■ What this task involves: Please make sure what you return matches the listing below exactly, minus its pictures.

■ The data:
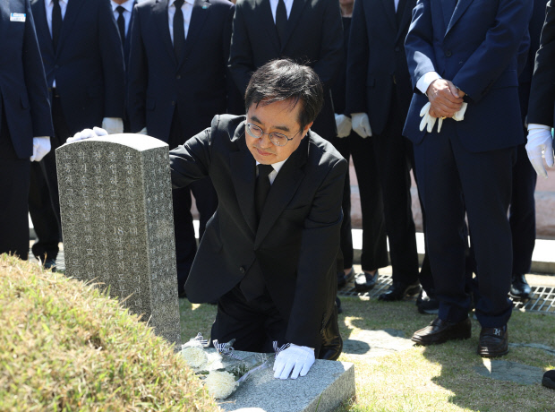 김 지사는 경기도 출신 열사 등을 추모하고 참배를 마친 뒤 방명록에 ‘역사의 물줄기를 바꾼 광주정신으로 대한민국 대전환을 이루겠다’고 썼다.
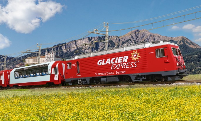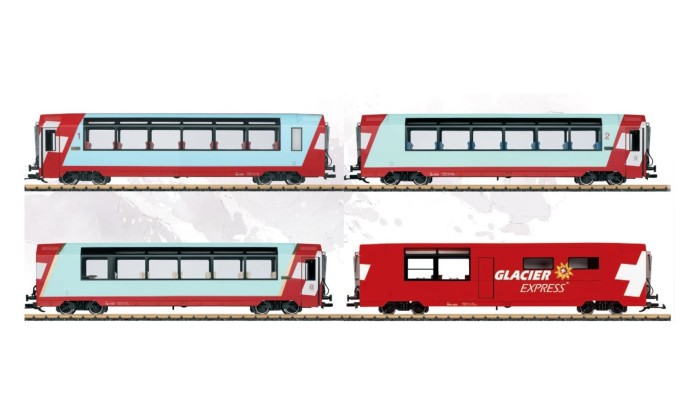 Passend zur HGe 4/4 II werden die bekannten Panoramawagen des Glacier-Express wieder aufgelegt. Erhältlich sind alle vier Wagengattungen: 2. Klasse (Bp), 1. Klasse (Ap), Speisewage (WRp) und Excellence Class (Aps).
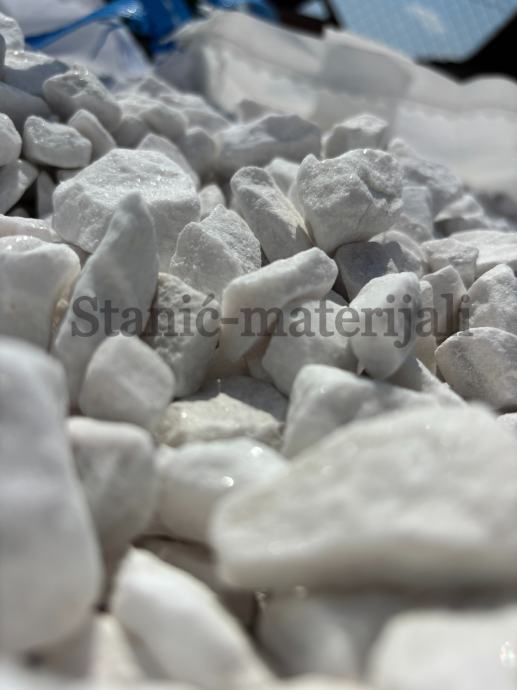 Bijeli lomljeni mramorni kamen visoke kvalitete, karakterističan po intenzivnoj bijeloj boji i sjajnoj, elegantnoj strukturi. Idealan za dekoraciju okućnica, vrtova, kamenjara, cvjetnjaka, oko bazena, staza. Vrlo efektan kao kontrast tamnijim biljkama, travi ili dekorativnim elementima. Ne upija vlagu, ne raspada se, te je otporan na vremenske uvjete.
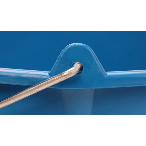 Med metallhåndtak for industriell bruk. Bruk den blå bøtten til rent vann og den røde til skittent vann.
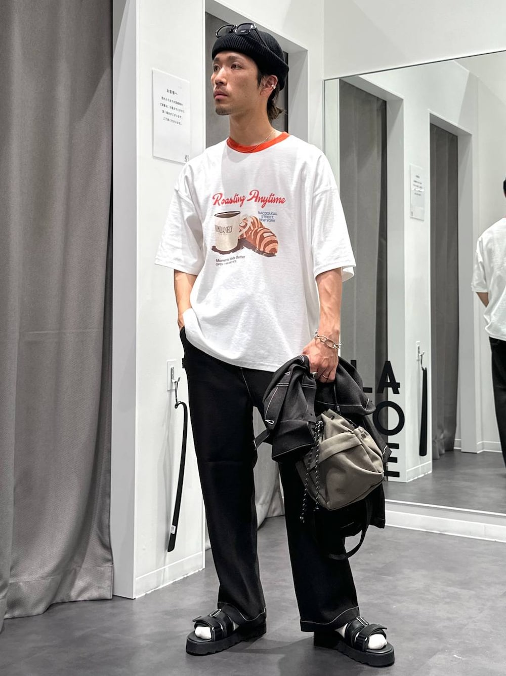 夏に向けてデザインTシャツお探しの方も多いのではないでしょうか! 今回おすすめなのがリンガーT👏 キャッチーなデザインとゆるっと着れるサイズ感がおすすめです! シンプルなモノトーンベースにスタイリングしてみました👍 【リンガーT】 サイズはややゆったり目で特に腰回りに余裕があります! ナシジ素材で表面に凹凸があり汗ばむ時期に着やすい作りが施されてます! 【ボトム】 セットアップでも着用可能な商品ですが今回はボトムを紹介👏 ワイドなシルエットですが足元はスマートにまとまるデザインですので太すぎて着にくい印象は無かったです! ぜひ商品ページもご覧ください👍 【サンダル】 ベルトでの調整がしやすく脱げる心配はなさそうです! ソールがやや新品だと硬さが残るので履き慣れるまで少し時間は必要かと思います! 歩いていて痛さは感じなかったので履きやすいサンダルでした! イヤーカフはウィメンズの物です! ゴツメなデザインが個人的に好みでした👍 スタッフ情報はこちらを参考に⬇︎⬇︎ 173㎝/60kg ウエスト75㎝前後 シューズ26.5㎝ 『この着こなしいいな』と思える投稿を増やしフォローいただけるように頑張ります👏👏
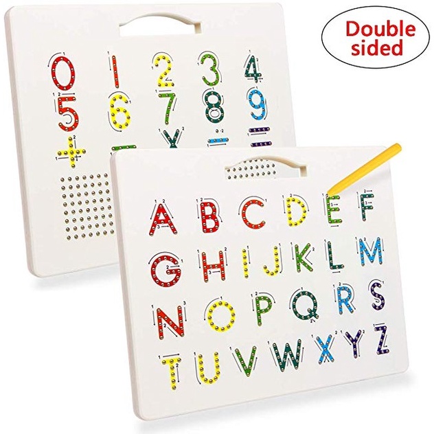 Dein Kleines entdeckt gerade die Welt der Buchstaben? Dieses magnetische Lernbrett ist perfekt dafür! Doppelseitig mit Groß- und Kleinbuchstaben, dazu noch Zahlen. Mit Stift zum Nachfahren - die Strichreihenfolge ist vorgegeben, so lernen die Kids gleich die richtige Schreibweise. Aus robustem ABS-Material, also hält auch mal was aus. Der Stift ist an der Tafel befestigt, geht nicht so schnell verloren. Super für unterwegs - leicht und kompakt. Macht Lernzeit zur Spielzeit! Ideal für Vorschulkinder ab 3 Jahren. Auch ein tolles Geschenk zu Geburtstag oder Weihnachten. So macht Buchstaben lernen richtig Spaß und die Kleinen sind beschäftigt, während sie was Sinnvolles lernen!
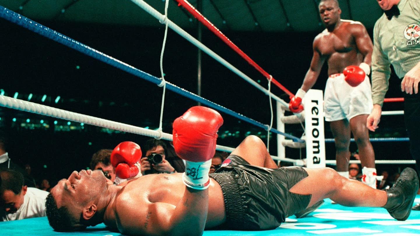 有人说场裁读秒的时间超过了8秒,甚至到了10秒以上,这是决定泰森最终输给道格拉斯的根本原因,个人认为这不是根本原因,只能说泰森有些不走运了。即使场裁少给道格拉斯读秒2-3秒钟,也不会扭转战局。因为道格拉斯站起来的时候,铃声已经响起了。第10回合,道格拉斯将泰森折磨得体力崩盘,斗志全无,道格拉斯刺拳开道,一记精准的右手上勾清晰击中泰森,这是很致命的一拳,泰森当时就被打蒙了,然后道格拉斯以教科书般的做摆拳和右手直拳轰炸泰森,一代拳王终于狼狈倒下。
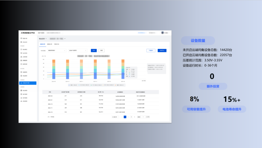 云端全时均衡:全时均衡算法V2.0在电池组可用容量方面表现更为优异。用户可通过储能云平台的丰富界面实时查看均衡效果,直观感受技术升级带来的价值。
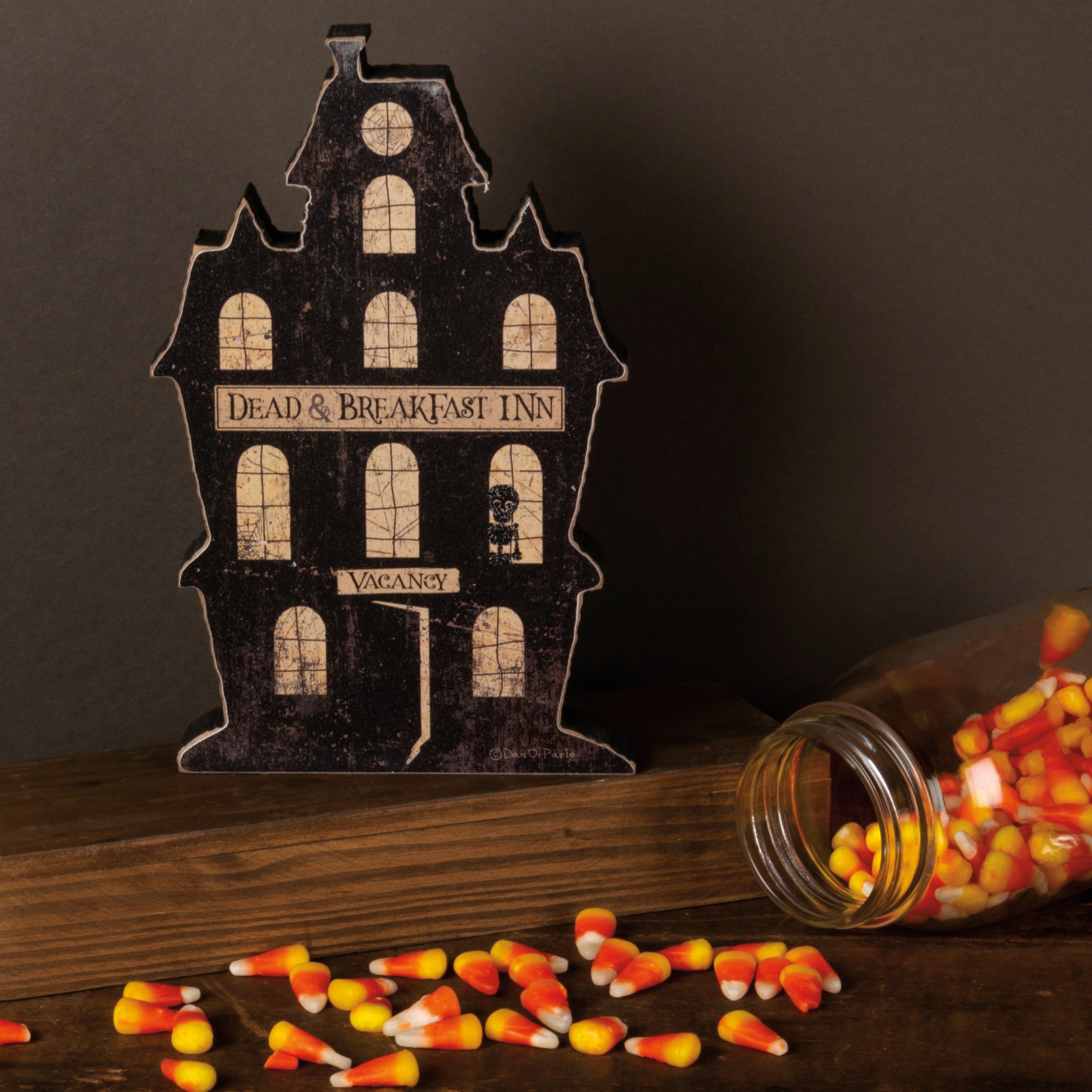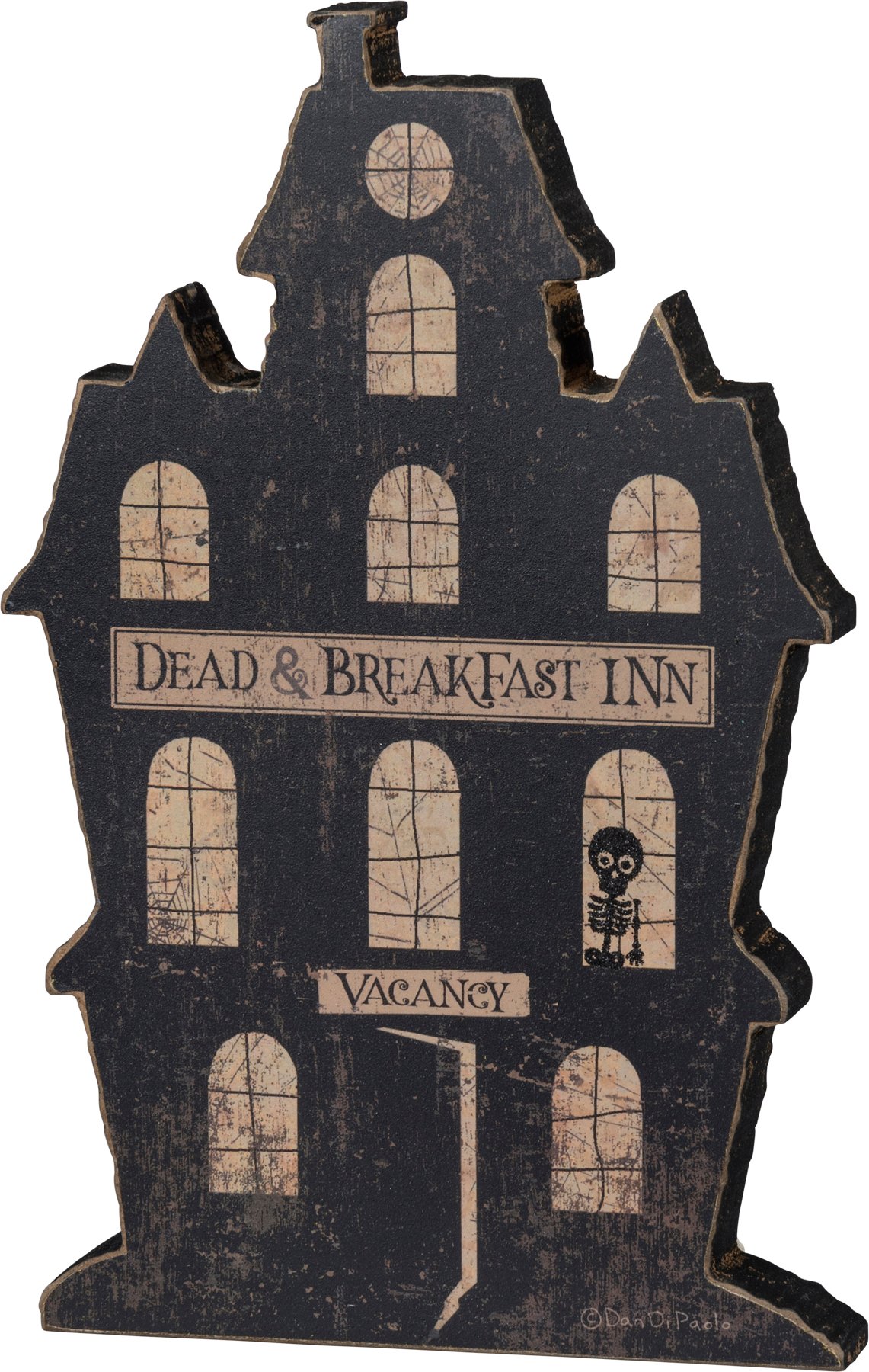Get in the holiday spirit with this wooden chunky sitter, featuring a distressed "Dead & Breakfast Inn - Vacancy" sentiment and house and skeleton designs in a neutral palette. Complements well with coordinating styles for a cohesive collection.
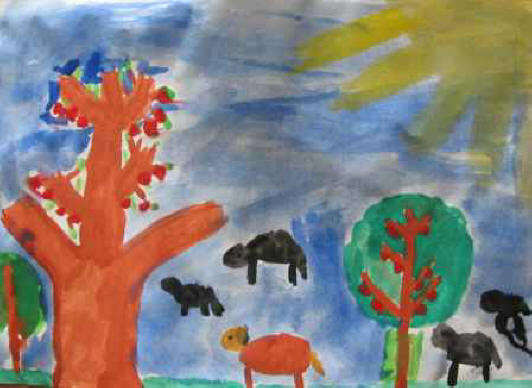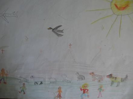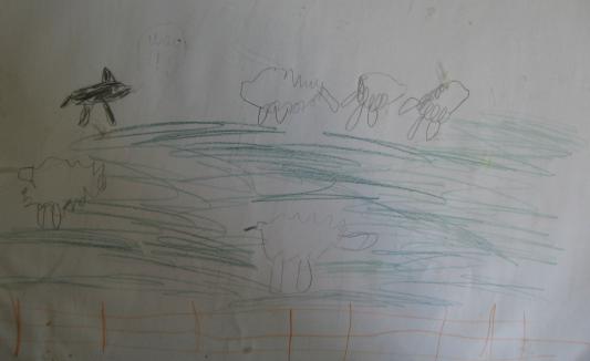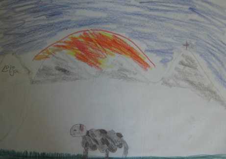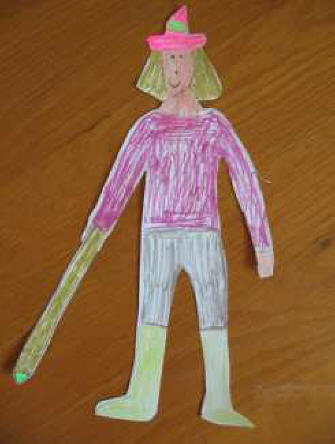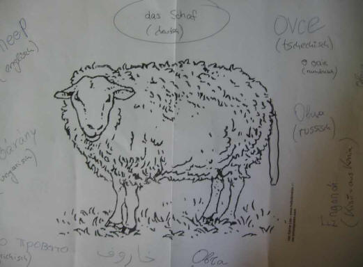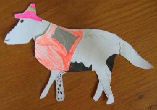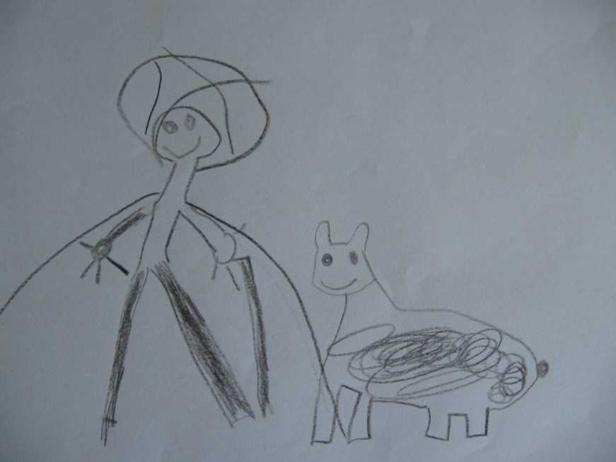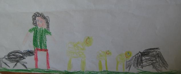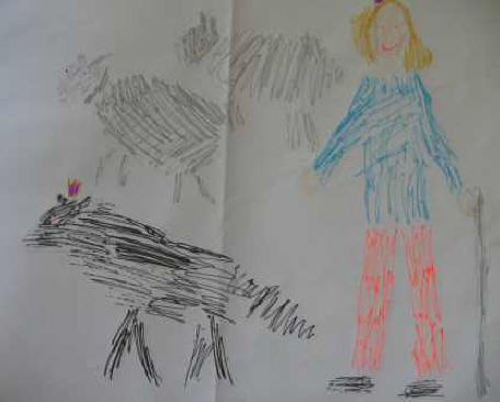 Das sind Hütehündin Ronja mit Warnweste - und die Schäferin mit dem Hütestab bei der Schafwanderung

■ Solution for this exercise:
 김 지사는 경기도 출신 열사 등을 추모하고 참배를 마친 뒤 방명록에 ‘역사의 물줄기를 바꾼 광주정신으로 대한민국 대전환을 이루겠다’고 썼다.
 Passend zur HGe 4/4 II werden die bekannten Panoramawagen des Glacier-Express wieder aufgelegt. Erhältlich sind alle vier Wagengattungen: 2. Klasse (Bp), 1. Klasse (Ap), Speisewage (WRp) und Excellence Class (Aps).
 Bijeli lomljeni mramorni kamen visoke kvalitete, karakterističan po intenzivnoj bijeloj boji i sjajnoj, elegantnoj strukturi. Idealan za dekoraciju okućnica, vrtova, kamenjara, cvjetnjaka, oko bazena, staza. Vrlo efektan kao kontrast tamnijim biljkama, travi ili dekorativnim elementima. Ne upija vlagu, ne raspada se, te je otporan na vremenske uvjete.
 Med metallhåndtak for industriell bruk. Bruk den blå bøtten til rent vann og den røde til skittent vann.
 夏に向けてデザインTシャツお探しの方も多いのではないでしょうか! 今回おすすめなのがリンガーT👏 キャッチーなデザインとゆるっと着れるサイズ感がおすすめです! シンプルなモノトーンベースにスタイリングしてみました👍 【リンガーT】 サイズはややゆったり目で特に腰回りに余裕があります! ナシジ素材で表面に凹凸があり汗ばむ時期に着やすい作りが施されてます! 【ボトム】 セットアップでも着用可能な商品ですが今回はボトムを紹介👏 ワイドなシルエットですが足元はスマートにまとまるデザインですので太すぎて着にくい印象は無かったです! ぜひ商品ページもご覧ください👍 【サンダル】 ベルトでの調整がしやすく脱げる心配はなさそうです! ソールがやや新品だと硬さが残るので履き慣れるまで少し時間は必要かと思います! 歩いていて痛さは感じなかったので履きやすいサンダルでした! イヤーカフはウィメンズの物です! ゴツメなデザインが個人的に好みでした👍 スタッフ情報はこちらを参考に⬇︎⬇︎ 173㎝/60kg ウエスト75㎝前後 シューズ26.5㎝ 『この着こなしいいな』と思える投稿を増やしフォローいただけるように頑張ります👏👏
 Dein Kleines entdeckt gerade die Welt der Buchstaben? Dieses magnetische Lernbrett ist perfekt dafür! Doppelseitig mit Groß- und Kleinbuchstaben, dazu noch Zahlen. Mit Stift zum Nachfahren - die Strichreihenfolge ist vorgegeben, so lernen die Kids gleich die richtige Schreibweise. Aus robustem ABS-Material, also hält auch mal was aus. Der Stift ist an der Tafel befestigt, geht nicht so schnell verloren. Super für unterwegs - leicht und kompakt. Macht Lernzeit zur Spielzeit! Ideal für Vorschulkinder ab 3 Jahren. Auch ein tolles Geschenk zu Geburtstag oder Weihnachten. So macht Buchstaben lernen richtig Spaß und die Kleinen sind beschäftigt, während sie was Sinnvolles lernen!
 有人说场裁读秒的时间超过了8秒,甚至到了10秒以上,这是决定泰森最终输给道格拉斯的根本原因,个人认为这不是根本原因,只能说泰森有些不走运了。即使场裁少给道格拉斯读秒2-3秒钟,也不会扭转战局。因为道格拉斯站起来的时候,铃声已经响起了。第10回合,道格拉斯将泰森折磨得体力崩盘,斗志全无,道格拉斯刺拳开道,一记精准的右手上勾清晰击中泰森,这是很致命的一拳,泰森当时就被打蒙了,然后道格拉斯以教科书般的做摆拳和右手直拳轰炸泰森,一代拳王终于狼狈倒下。
 云端全时均衡:全时均衡算法V2.0在电池组可用容量方面表现更为优异。用户可通过储能云平台的丰富界面实时查看均衡效果,直观感受技术升级带来的价值。
Get in the holiday spirit with this wooden chunky sitter, featuring a distressed "Dead & Breakfast Inn - Vacancy" sentiment and house and skeleton designs in a neutral palette. Complements well with coordinating styles for a cohesive collection.
 Das sind Hütehündin Ronja mit Warnweste - und die Schäferin mit dem Hütestab bei der Schafwanderung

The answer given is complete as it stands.